Differences between adjustable and fixed rate loans
With a fixed-rate loan, your monthly payment doesn't change for the entire duration of the mortgage. The longer you pay, the more of your payment goes toward principal. Your property taxes may go up (or rarely, down), and so might the homeowner's insurance in your monthly payment. But generally monthly payments on a fixed-rate loan will be very stable.
Your first few years of payments on a fixed-rate loan go mostly to pay interest. The amount paid toward principal goes up slowly every month.
Borrowers might choose a fixed-rate loan in order to lock in a low interest rate. People choose fixed-rate loans when interest rates are low and they want to lock in at the lower rate. For homeowners who have an ARM now, refinancing with a fixed-rate loan can provide greater monthly payment stability. If you currently have an Adjustable Rate Mortgage (ARM), we'll be glad to assist you in locking a fixed-rate at the best rate currently available. Call Reliance Mortgage Service, Inc at 562 320-0510 for details.
There are many types of Adjustable Rate Mortgages. Generally, the interest for ARMs are based on an outside index. A few of these are: the 6-month CD rate, the 1 year Treasury Security rate, the Federal Home Loan Bank's 11th District Cost of Funds Index (COFI), or others.
Most ARM programs have a cap that protects you from sudden increases in monthly payments. Some ARMs can't adjust more than two percent per year, regardless of the underlying interest rate. Sometimes an ARM has a "payment cap" which guarantees your payment can't increase beyond a certain amount over the course of a given year. Plus, almost all ARM programs have a "lifetime cap" — this means that the rate won't go over the capped percentage.

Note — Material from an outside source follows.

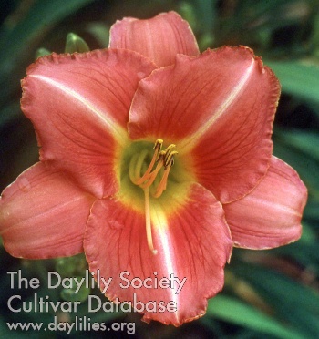 | Description : red and rose bitone with green throat | |

ARMs most often feature the lowest rates toward the start. They usually guarantee the lower rate for an initial period that varies greatly. You may hear people talking about "3/1 ARMs" or "5/1 ARMs". For these loans, the introductory rate is fixed for three or five years. After this period it adjusts every year. These loans are fixed for a number of years (3 or 5), then adjust. Loans like this are often best for people who expect to move in three or five years. These types of ARMs most benefit people who will sell their house or refinance before the initial lock expires.
You might choose an Adjustable Rate Mortgage to get a very low initial rate and plan on moving, refinancing or simply absorbing the higher rate after the initial rate expires. ARMs are risky when property values go down and borrowers are unable to sell or refinance.